The main idea behind word embedding is that words that appear in a similar context tend to be closer together in vector space. Generating word vectors in Python requires the nltk and gensim modules.

Run these commands in the terminal to install nltk and gensim :

 pip install nltk pip install gensim 

Download the text file used to generate word vectors from here .

Below is the implementation:

# Python program to generate word vectors using Word2Vec

 
# import all required modules

from nltk.tokenize import sent_tokenize, word_tok enize

import warnings

  

warnings.filterwarnings (action = ’ ignore’ )

 

import gensim

from gensim.models import Word2Vec

 
# Reads the alice.txt file

sample = open ( "C: Users Admin Desktop alice.txt " , " r " )

= sample.read ()

 
# Replaces the escape character with a space

f = s.replace ( "" , "" )

 

data = []

 
# iterate over each sentence in the file

for i in sent_tokenize (f):

temp = []

  

  # split sentence into words

for j in word_tokenize (i):

temp .append (j.lower ())

 

data.append (temp)

 
# Create CBOW model

model1 = gensim.models.Word2Vec (data, min_count = 1

size = 100 , window = 5 )

 
# Print results

print ( "Cosine similarity between’ alice’ " +  

"and’ wonderland’ - CBOW: " ,

  model1. similarity ( ’alice’ , ’ wonderland’ ))

 

print ( "Cosine similarity between’ alice’ " +

  " and ’machines’ - CBOW:" ,

model1.similarity ( ’alice’ , ’machines’ ))

  
# Create Skip Gram model

model2 = gensim.models.Word2Vec (data, min_count = 1 , size = 100 ,

window = 5 , sg = 1 )

 
# Print results

print ( "Cosine similarity between’ alice’ " +

"and’ wonderland’ - Skip Gram: " ,

  model2 .similarity ( ’alice’ , ’ wonderland’ ))

 

print ( "Cosine similarity between’ alice’ " +

"and’ machines’ - Skip Gram: " , < / p>

model2.similarity ( ’alice’ , ’machines’ ))

Output:

 Cosine similarity between ’alice’ and’ wonderland’ - CBOW: 0.999249298413 Cosine similarity between ’alice’ and’ machines’ - CBOW: 0.974911910445 Cosine similarity between ’alice’ and’ wonderland’ - Skip Gram: 0.885471373104 Cosine similarity between ’alice’ and’ machines’ - Skip Gram: 0.856892599521 

The output indicates the cosine of similarity between the vectors of the words "Alice", "Wonderland" and "Cars" for different models. One interesting challenge might be to change the size and window values ​​to observe changes in the similarity cosine.

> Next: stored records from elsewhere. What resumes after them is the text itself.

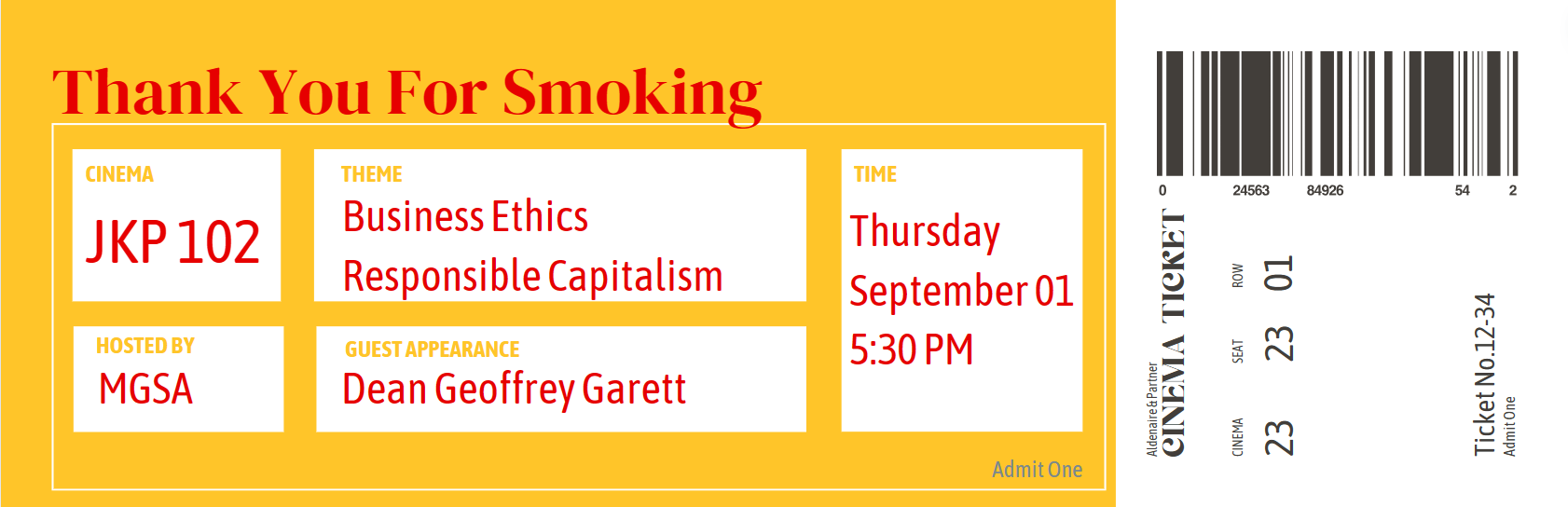 In fact, I worked with our MBA student body to put together a plan for a ‘monthly movie night’ program for a whole semester. I mapped each of these movies to a career club, an elective course, and a professor at the Marshall Scchool of Business. We would meet in our theater style case-rooms at 6pm on the last Thursday of each month with popcorn and sodas to watch one of these movies. The movie would be followed by a discussion among peers about what went right, what went wrong and ethical dilemmas. Alas we were not able to secure rooms on weekdays since our school has a sizeable part-time program that takes evening classes. Here are some of the flyers I’d created for the program: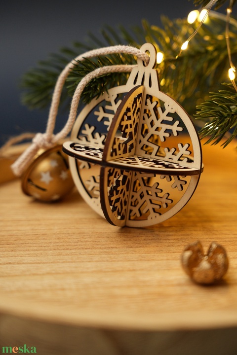 Lézervágott 3D-s egyedi, különleges karácsonyfadísz - gömb (hópehely)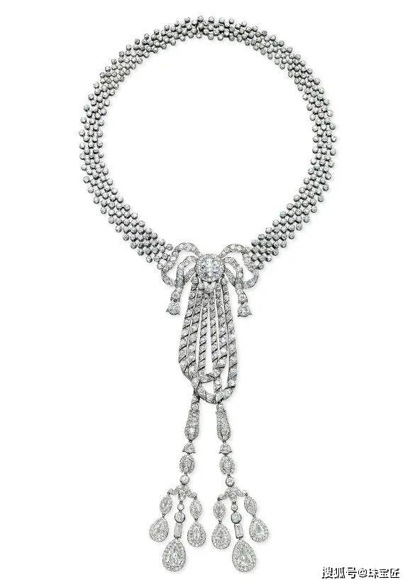 而这条卡地亚经典的缎带钻石项链,造型十分别致,中间的蝴蝶结可拆分成胸针使用,浪漫而梦幻。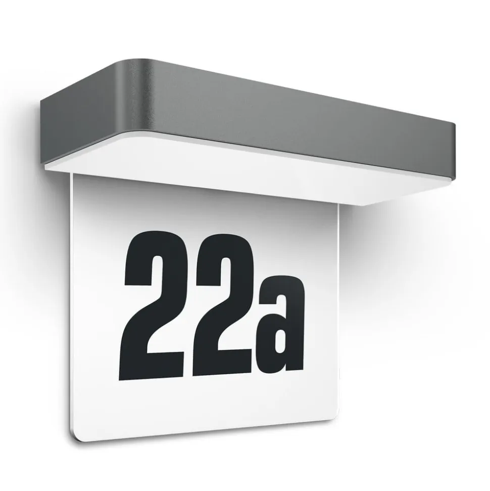 Antracitfarvet XSolar SOL-O HN LED-solcellelys med husnummer arch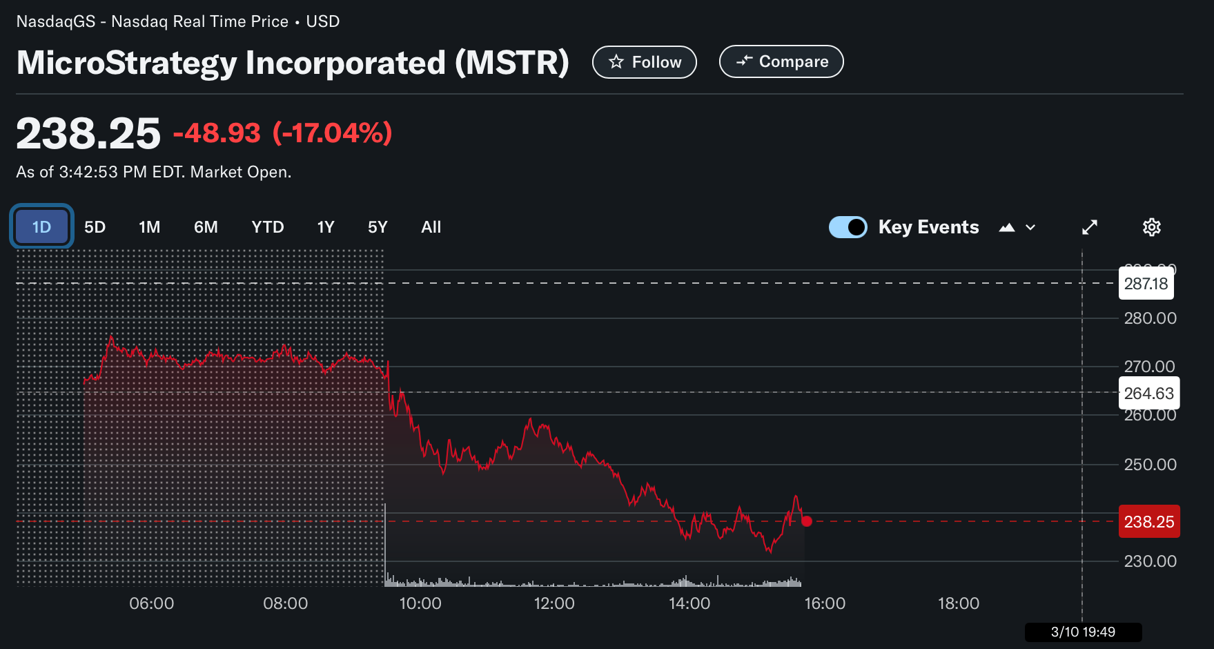 С 30 января по 10 марта акции MicroStrategy упали с 340,09 до 238,25 долларов. Это падение включает в себя снижение на 17% 10 марта на фоне более широких распродаж в технологическом секторе.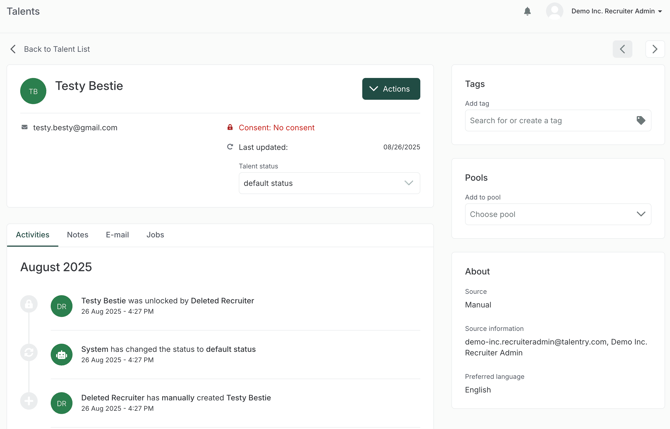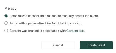 ❗️Sobald personenbezogene Daten manuell in einem System gespeichert werden, muss die betroffene Person darüber informiert werden. Hat das Talent noch nicht eingewilligt, werden die erhobenen Informationen nicht im Talentprofil angezeigt. Die Daten werden erst nach Bestätigung der Datenschutzanfrage des Talents im Profil angezeigt.❗️

  Applications of Word Embedding:   & gt ;"  Sentiment Analysis ""  Speech Recognition ""  Information Retrieval ""  Question Answering 

Links:

Shop

Gifts for programmers

Best laptop for Excel

$
Gifts for programmers

Best laptop for Solidworks

$399+
Gifts for programmers

Best laptop for Roblox

$399+
Gifts for programmers

Best laptop for development

$499+
Gifts for programmers

Best laptop for Cricut Maker

$299+
Gifts for programmers

Best laptop for hacking

$890
Gifts for programmers

Best laptop for Machine Learning

$699+
Gifts for programmers

Raspberry Pi robot kit

$150

Latest questions

PythonStackOverflow

Common xlabel/ylabel for matplotlib subplots

1947 answers

PythonStackOverflow

Check if one list is a subset of another in Python

1173 answers

PythonStackOverflow

How to specify multiple return types using type-hints

1002 answers

PythonStackOverflow

Printing words vertically in Python

909 answers

PythonStackOverflow

Python Extract words from a given string

798 answers

PythonStackOverflow

Why do I get "Pickle - EOFError: Ran out of input" reading an empty file?

606 answers

PythonStackOverflow

Python os.path.join () method

384 answers

PythonStackOverflow

Flake8: Ignore specific warning for entire file

360 answers

News


Wiki

Python | How to copy data from one Excel sheet to another

Common xlabel/ylabel for matplotlib subplots

Check if one list is a subset of another in Python

How to specify multiple return types using type-hints

Printing words vertically in Python

Python Extract words from a given string

Cyclic redundancy check in Python

Finding mean, median, mode in Python without libraries

Python add suffix / add prefix to strings in a list

Why do I get "Pickle - EOFError: Ran out of input" reading an empty file?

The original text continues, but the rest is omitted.